Group: Center for Christ Consciousness

Facilitators

Teacher: Nebadonia

TR: Donna D'Ingillo

Session

Opening

Prayer: Mother and Father, we thank you for this opportunity once again to gather in your presence. Open us, fill us with your love that heals and knits us into your image. We are so humbly and deeply grateful. Receive our appreciation and thanks. Amen.

Good evening, my beloved children. This is your Mother Nebadonia who speaks. Over the last several weeks we had begun to open your minds to a greater awareness of ministering your Father’s love to our children. Tonight, after this lesson and experience, I would ask that you share with one another the experiences and the attempts you have made in beaming your Father’s love into your brothers and sisters. There will be many who will be witnessing your discussion. And you will also be impressed with other ideas to consider as you share these experiences with one another.

Lesson

For now, go within. Ask your Father to come forward in your mind’s eye. Feel his heart beat in unison with yours. Allow his hand to open your heart, the heart that wishes to share his love with your brothers and sisters. Feel your desire to share this more fully with them and notice where you feel resistance or tension. Ask for my breath to soften and help you yield to your Father’s love. Let us move in you now, children. (Pause)

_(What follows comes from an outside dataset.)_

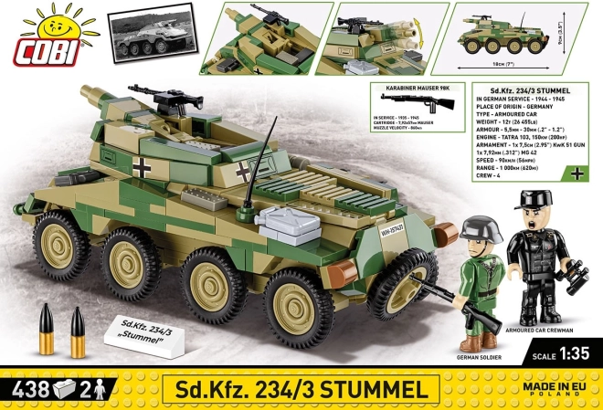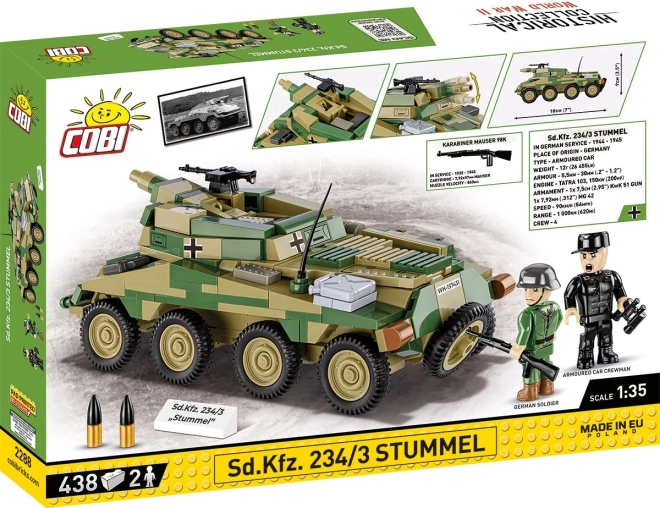 Modellen gengiver troværdigt Sd.Kfz. 234/3 “Stummel” med førsteklasses tryk uden klistermærker og proportioner, der matcher andre COBI-sæt.

Bring to us now your petty judgments and resentments and those traits that you find so irksome in your fellow brethren. Ask us to remove that which you find so annoying in others that is still within yourselves. Bring these to us now and we will help you step outside and into something better. (Pause)

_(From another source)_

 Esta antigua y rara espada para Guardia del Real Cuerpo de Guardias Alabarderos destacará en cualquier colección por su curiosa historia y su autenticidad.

What have you to lose in allowing these to be released from you? There is deep resistance to letting these go. Long have you struggled with them and yet they are still somewhat comfortable in you as a way of protecting yourself against injury and misperception. But clearly they have no purpose or use in you now. I ask you to offer them more fully to us. And so your mind is willing but yet there is something deeper in you that still resists. Let us come into this resistance, my children. We will open you and teach you our ways to perceive, to understand, and to love as we love. (Pause)

The years of judgment have been unkind in your body. They have turned you away from being in your Father’s presence and to receive more fully the breath of life that I bring into you. Tell your body that you no longer wish to hold onto them; that they are poison and you need the antidote of forgiveness and compassionate understanding. Allow us to come into your cells to release you from the years, habits, and inclinations towards judgment. (Pause)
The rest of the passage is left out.